DATASET EXTRACT:
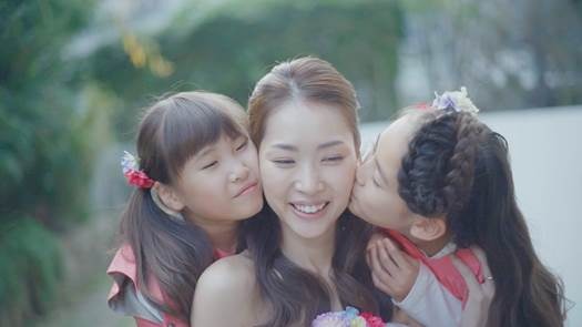 嬉しそうな笑顔で、子どもたちが母と触れ合っている様子で、ムービーは終わります。
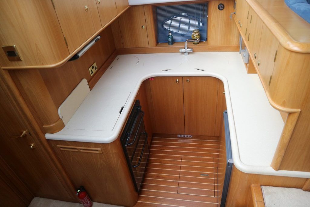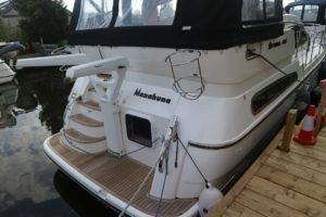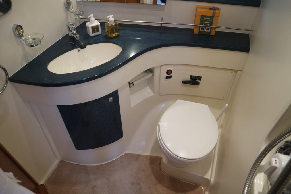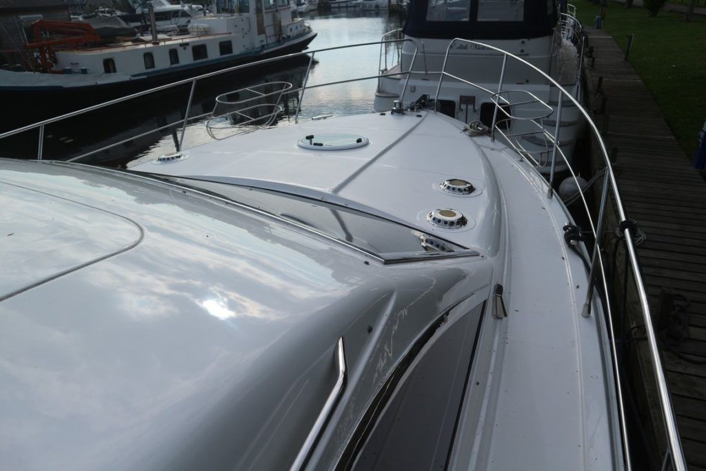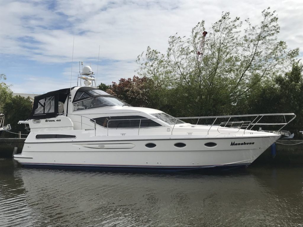 BROOM 415 – 2001 – Powered by twin Yanmar 6LY2H-STE 420hp diesels. 6 berth accommodation with two toilets and two showers. Generous specification to include; bowthruster, generator, warm air heating, electric windlass, holding tank and shore power supply. Folding arch and teak laid cockpit and bathing platform. A beautiful example of these cavernous aft cabin cruisers. NYA stock fully prepared by our Service Centre A turn-key Broom 415, presented in fantastic order throughout.
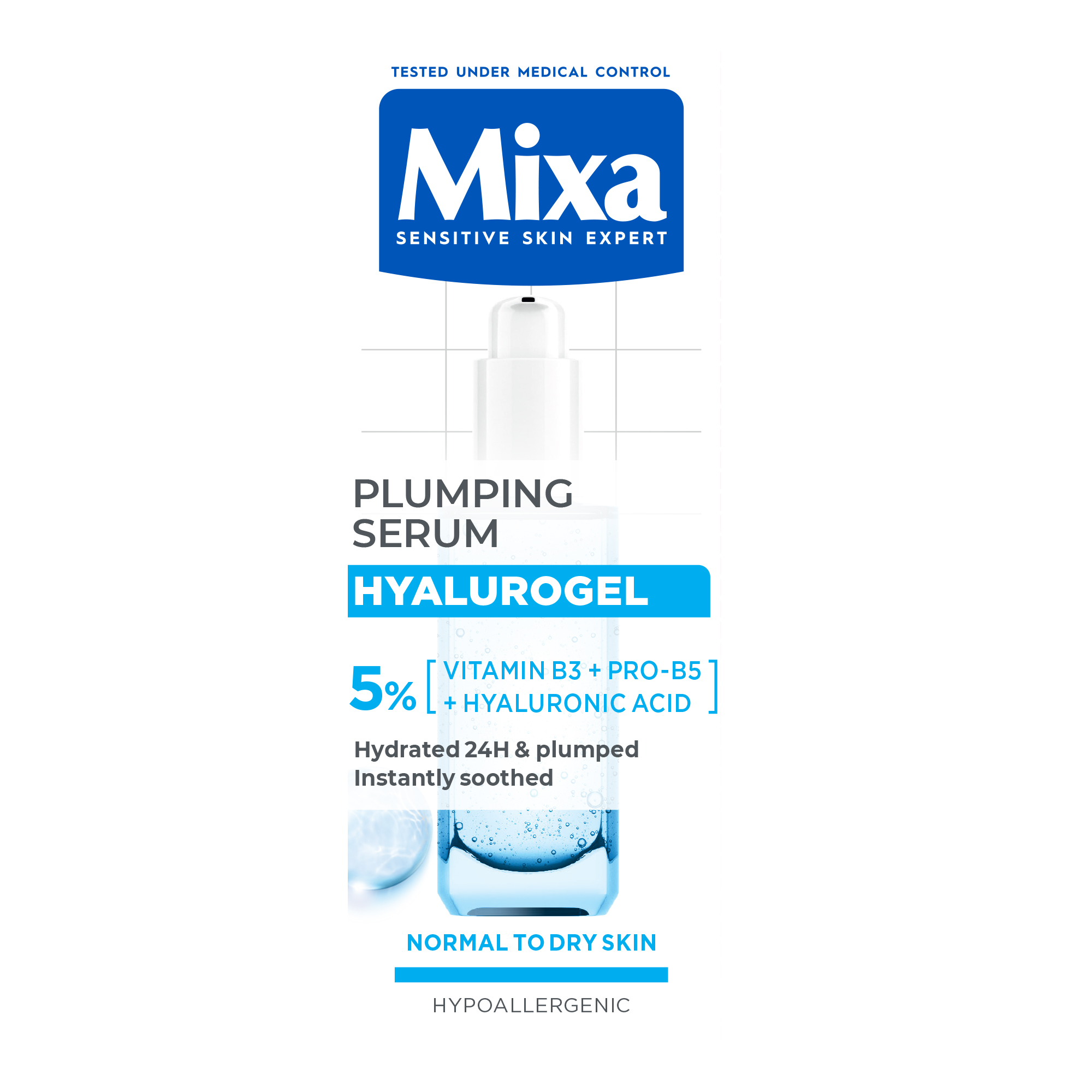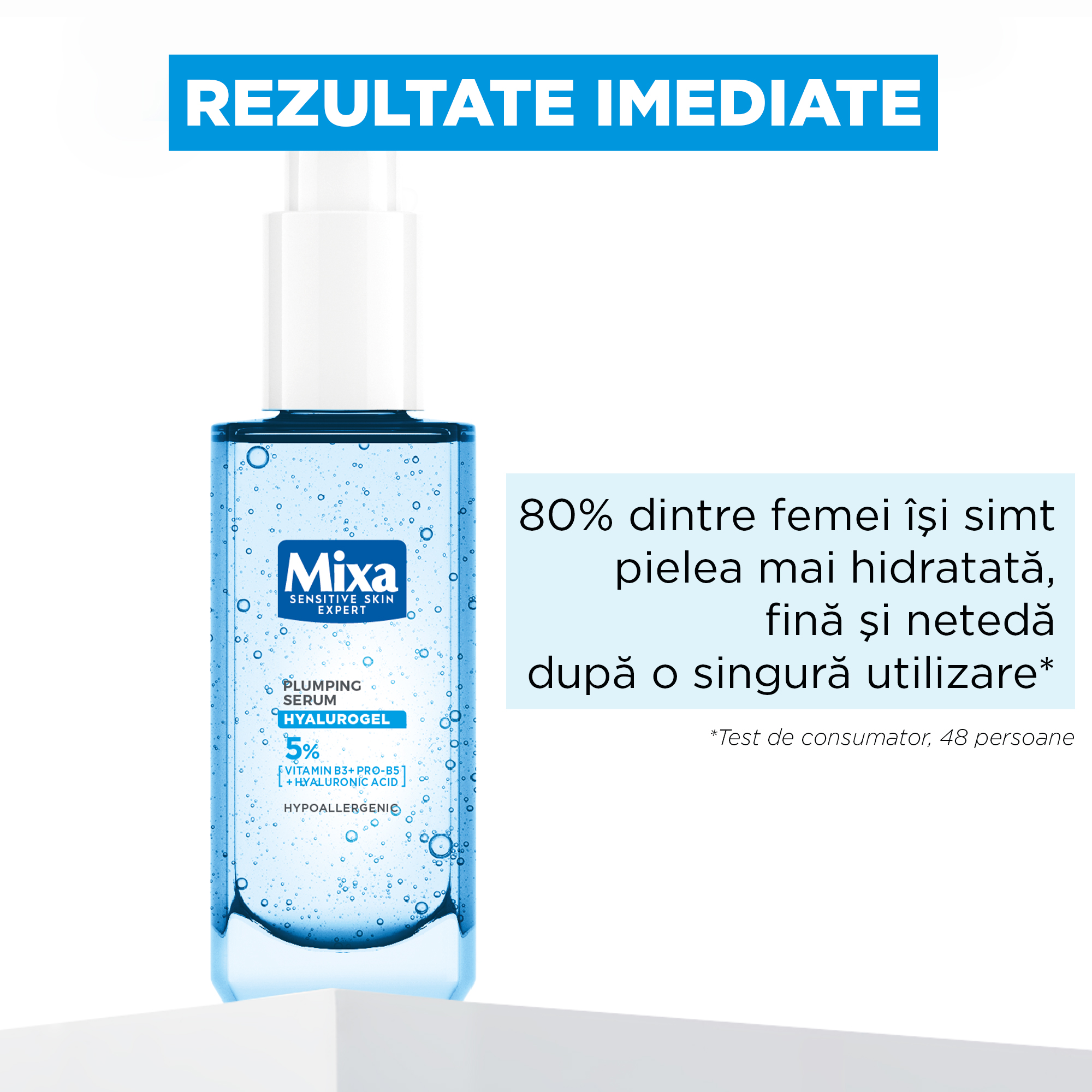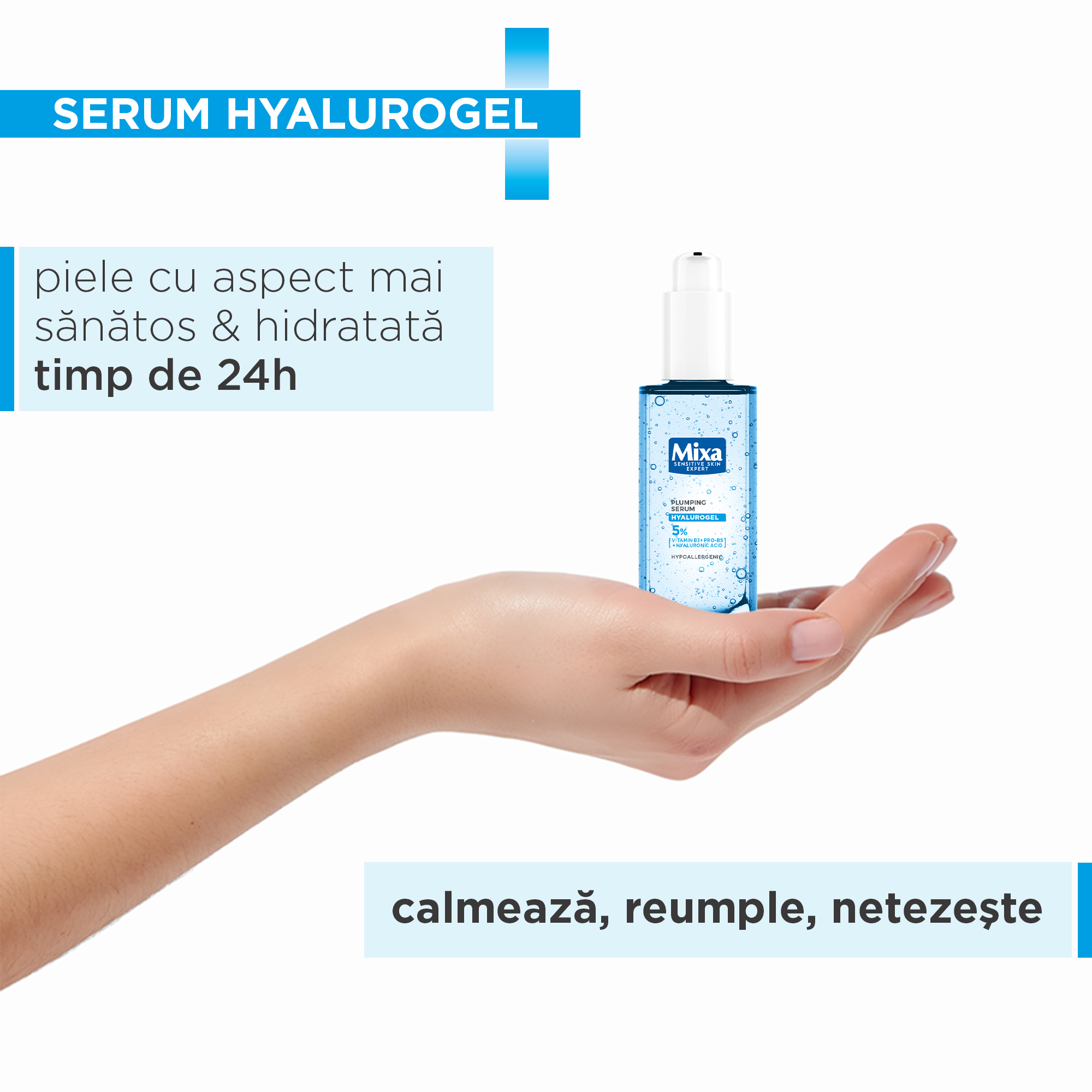 Ser concentrat cu 5% vitamina B3, provitamina B5 și acid hialuronic pur, special formulat pentru pielea sensibilă. Oferă calmare imediată, hidratare timp de 24 de ore și contribuie la un aspect mai neted și mai plin al pielii.

WHAT IS BEING ASKED: Every line above should be copied exactly, apart from any pictures.

TASK SOLUTION:
 嬉しそうな笑顔で、子どもたちが母と触れ合っている様子で、ムービーは終わります。
 BROOM 415 – 2001 – Powered by twin Yanmar 6LY2H-STE 420hp diesels. 6 berth accommodation with two toilets and two showers. Generous specification to include; bowthruster, generator, warm air heating, electric windlass, holding tank and shore power supply. Folding arch and teak laid cockpit and bathing platform. A beautiful example of these cavernous aft cabin cruisers. NYA stock fully prepared by our Service Centre A turn-key Broom 415, presented in fantastic order throughout.
 Ser concentrat cu 5% vitamina B3, provitamina B5 și acid hialuronic pur, special formulat pentru pielea sensibilă. Oferă calmare imediată, hidratare timp de 24 de ore și contribuie la un aspect mai neted și mai plin al pielii.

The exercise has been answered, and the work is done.